I have. Dialysis patient, nothing at all on the arm we could use, even with u/s, nothing we could stick on her feet, either. She was severely septic and her pressure was in the 60s/30s range, if I remember correctly. I ran Levophed and some abx through a 22 in her breast. This was at a previous job - a community hospital where we had no intensivists, no PICC team at night, and the hospitalists usually refused to drop lines. I don't even think we had an IO kit in the unit. We eventually managed to convince the ER physician to come up and stick a line in her, but not before she went hours with some of the worst possible vesicants infusing through her breast. Her breast ended up okay, as far as I know. It didn't infiltrate for us.
Each circumstance is different. If needed quick, ED doc will go EJ. I've seen paramedics also use this route in the field but outside of my facility RN scope of practice.
I agree with someone further up the thread about IO's- seems to be a reluctance to ever use them, although I've only done 1 seemed quick and easy, now there is a site in humeral head. Watched vendor movie with cadaver about flow from there to subclavian vein, nearly instantaneous.

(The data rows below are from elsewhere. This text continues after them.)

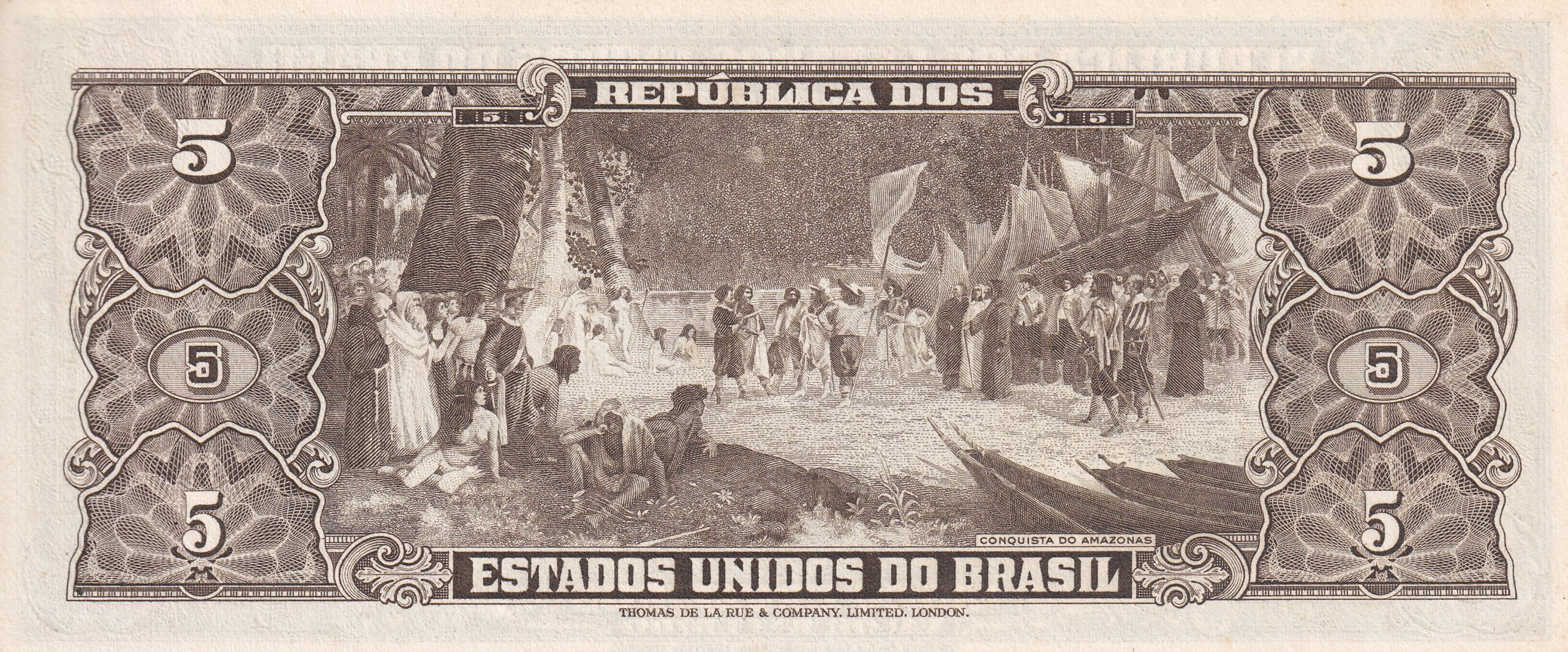 CÉDULA 5 CRUZEIROS 1956 – TESOURO NACIONAL – 2ª Estampa (TLR) – FE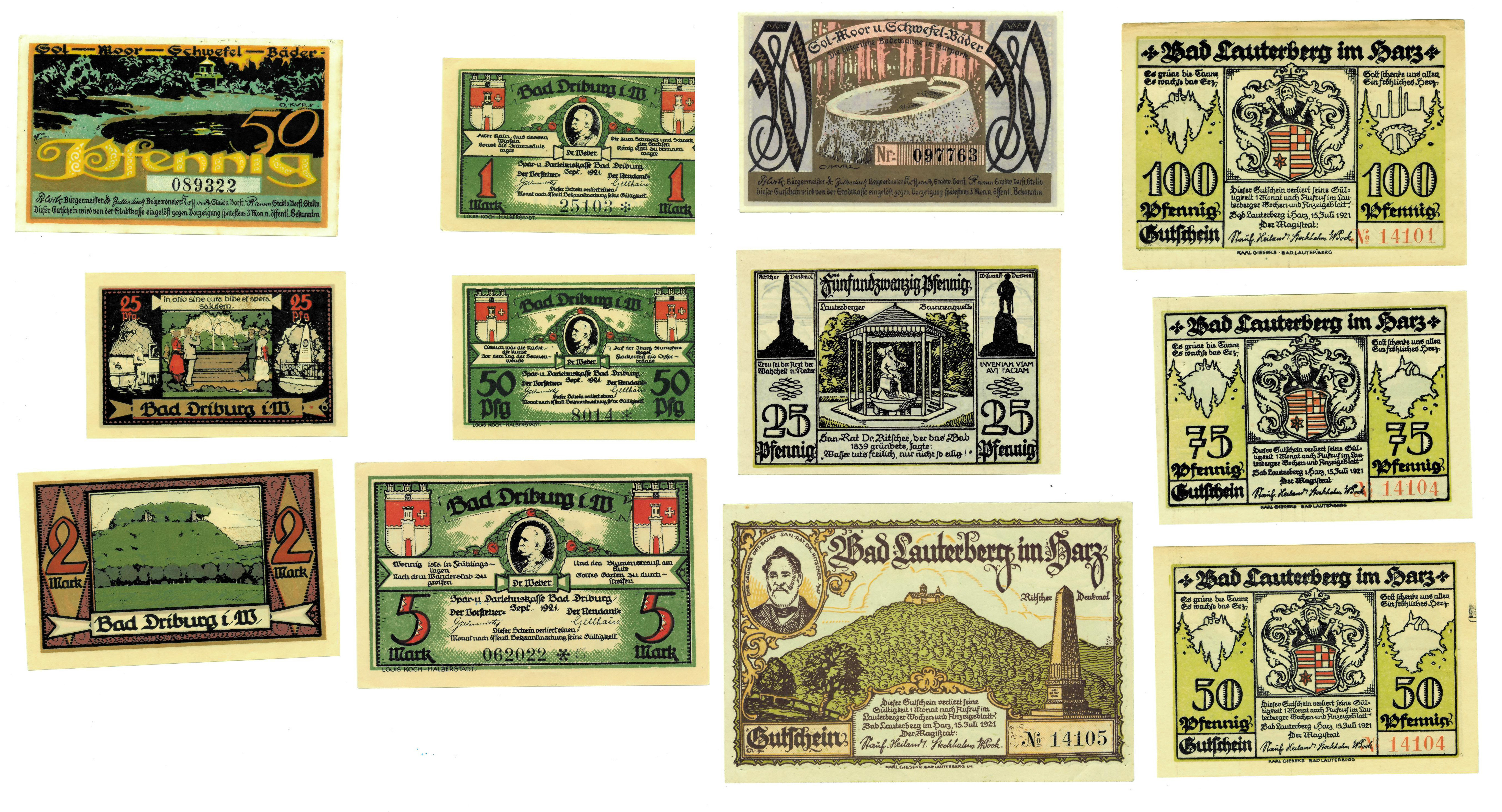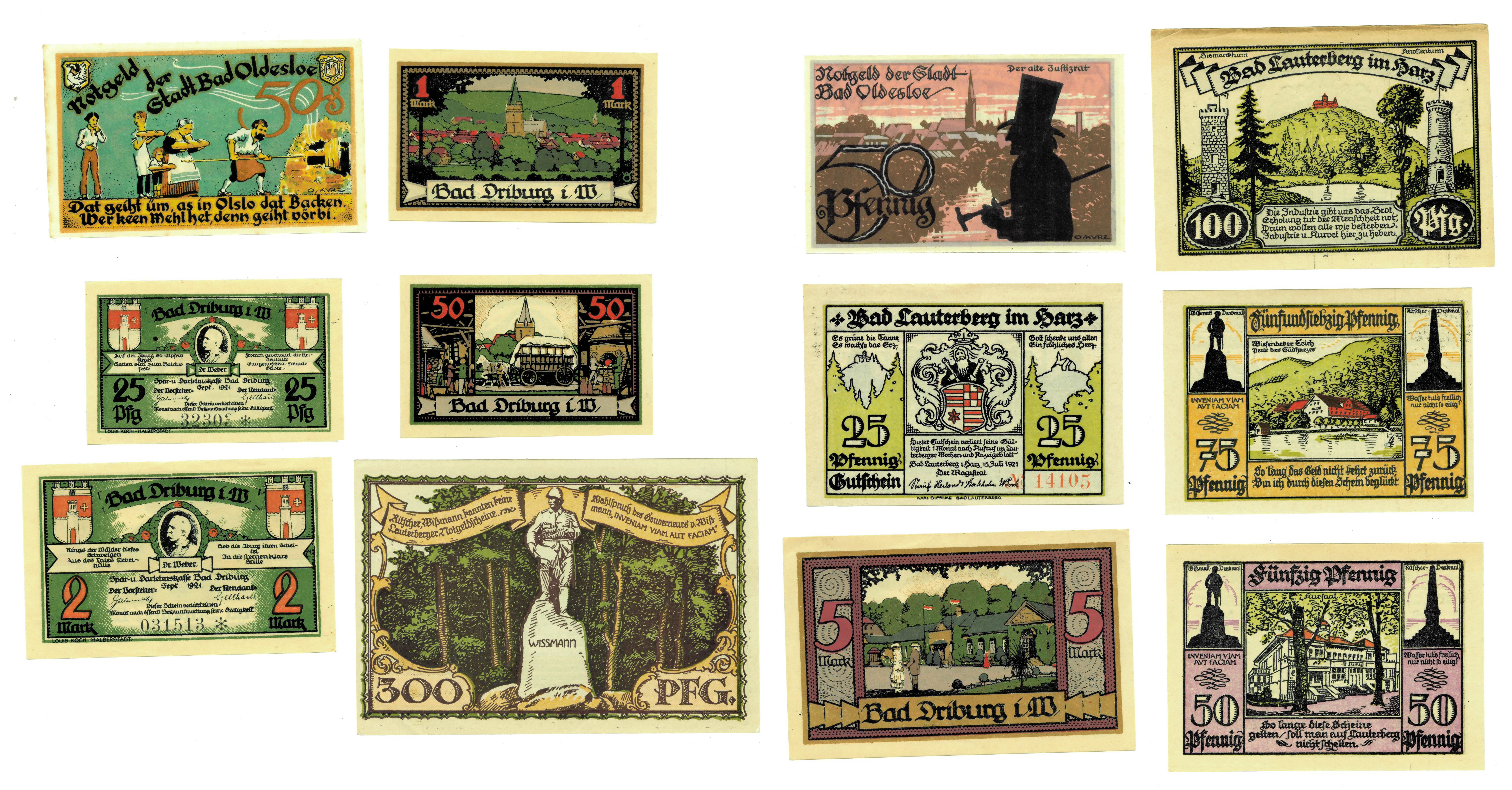 BILLETES EXTRANJEROS. ALEMANIA. Lote de 12 billetes: Bad Dribug 1921 (25 y 50 Pf. Y 1, 2 y 5 marcos); Bad Lauterberg 1925 (25, 50, 75, 100 y 300 Pf.) y Bad Oldesloe, 50 Pf. (2). SC.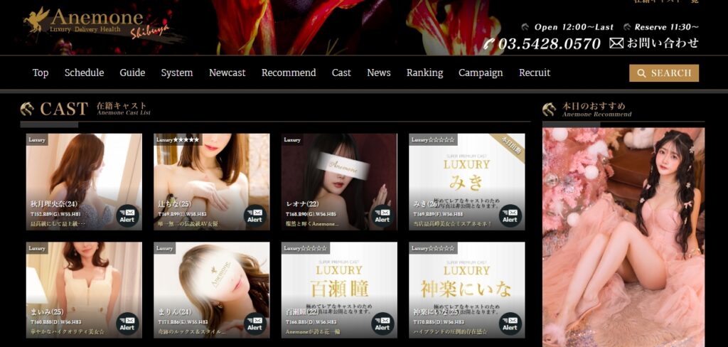 アネモネは、東京・渋谷を拠点にしている洗練された美女たちが織りなす究極の癒し空間を提供する高級デリヘルです。サービス形態としては派遣型ヘルスに分類され、ハイレベルな在籍女性たちのきめ細やかなサービスで高級ソープランドのような満足感が得られると評判です。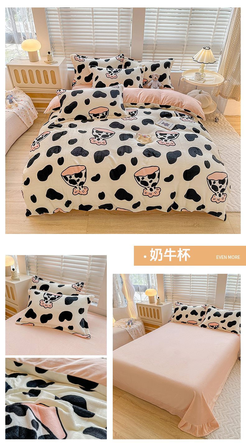 商品名称:卡普家居 2025新款加厚保暖牛奶绒系列--四件套 奶牛杯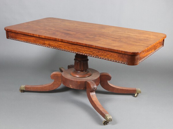 A William IV rectangular mahogany pedestal library table, raised on turned column with splayed feet, brass caps and casters 69cm h x 154cm w x 76cm d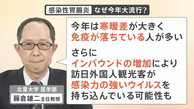 藤倉主任教授によると「今年は寒暖差が大きく、免疫が落ちている人が多い。さらに、インバウンドの増加により、訪日外国人観光客が感染力の強いウイルスを持ち込んでいる可能性もある」ということです。

I have only seen 2 IV in the breast. They were used short term, and no issues, however, this is not a site I am willing to use on a routine basis. At night being the only rapid response nurse to help with difficult IV access, and the house physician not willing to drop an EJ, and that being out of my scope surely makes things difficult. We do not have access or training (yet) for the ultrasound machine, or to place an EJ (possibility of us being trained), nor we do not have ready access to IO kits either. We have only used one during a code. If asked to place an IO, I would have no idea where to find a kit.
Surgical residents give grief when a patient truly needs a central line at times, we have no PICC nurse on at night, and anesthesia cannot always help either since they are in a c-section or placing an epidural. ER will not come to the floor to place lines. One night we had to have anesthesia place a central line in a patient because we had no surgical resident on that night.
I agree that IO is very under utilized for access in difficult situations.
I've placed multiple breast IVs in the ER. We don't always have time for a sono guided IV and for drug users it might be just enough to give the meds and get them home. I don't use the breast if the patient needs pressors, K+, ect. But I've given lots of meds through breast IVs and I've never had a problem.
Patients also say they hurt less than someone digging around in their arm.
I would rather have an IV started in my breast than in my foot. Those foot ones hurt!Great thread. Can we talk about starting IVs in memberes next?
I wondered when someone was going to bring that up! Never saw an IV there, but many years ago an IV drug user told me they're very easy to access.
nursephillyphil, BSN, RN
325 Posts
I don't think it would have been a vesicant. We are extremely hesitant when any kind of chemo goes through a peripheral line, having one in the breast? I would refuse and ask for a picc or a central. Besides, patients will go through multiple rounds of chemo, they'd need one eventually.